CMS, prosthetists at odds

Friday, August 23, 2013

BALTIMORE – CMS officials may have wanted to get feedback on the data points for a proposed electronic clinical template, but it was clear on a recent call that stakeholders remain frustrated with the agency.

“It’s all very well and good to make this template, but there’s absolutely no accountability to the physician if they either refuse or don’t document appropriately to support what it is they are prescribing,” said Joe McTernan, director of coding and reimbursement services, education and programming for the American Orthotic and Prosthetic Association during a July 31 Open Door Forum. “All of the liability falls back on the prosthetist to ensure that documentation is in the physician files.”

The template is meant to reduce high audit rates for certain lower limb prostheses—something that stakeholders welcome, they say. However, the most recent draft of the proposed template, posted July 24, contains several dozen data points that are meant to guide physicians through the required documentation.

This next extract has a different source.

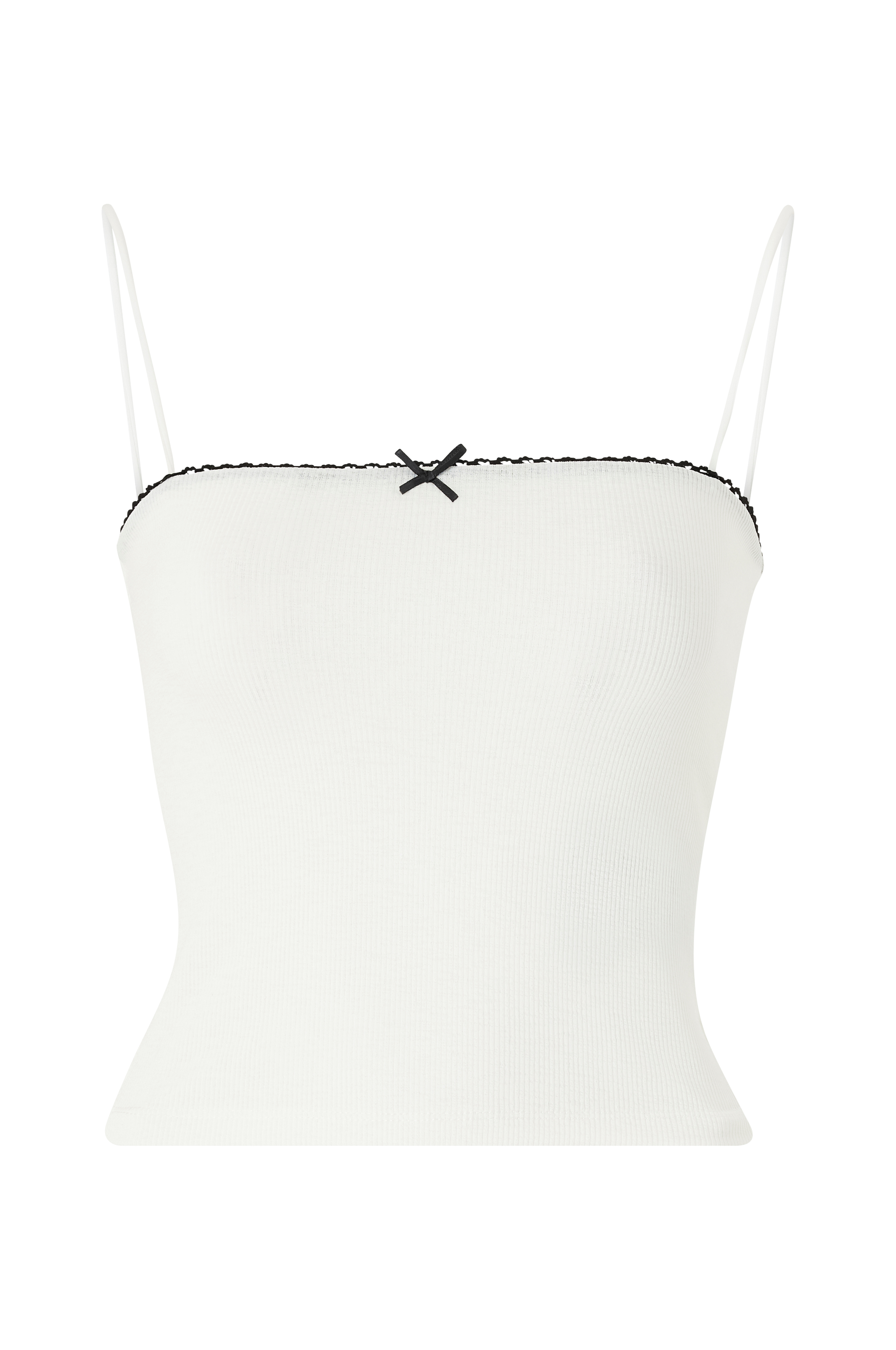 • Ribstrikket model• Matchende blondekant øverst• Tynde skulderstropper i chiffon
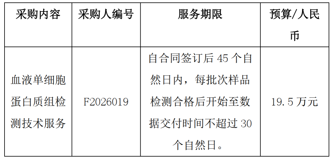 2. 项目名称:血液单细胞蛋白质组检测技术服务项目采购

That’s simply too much, say stakeholders.

“We need to simplify this into a system that is actually doable,” said one caller. “Otherwise, it’s going to be the kiss of death if it’s too big.”

The more data points required, the more opportunity there is for auditors to find something wrong, a problem that is already playing out, say stakeholders.

“It seems like the RACs are looking through claims point by point and if you miss a point, they deny it,” said one caller. “It’s a ‘gotcha’ situation, and that’s where a lot of the panic is coming in.”

One caller suggested CMS use prior authorizations instead of a template.

“If this could be decided in advance, Medicare saves money and we would be saved from carrying the burden that, subjectively, someone else might say, ‘I don’t know if this qualified,’” he said.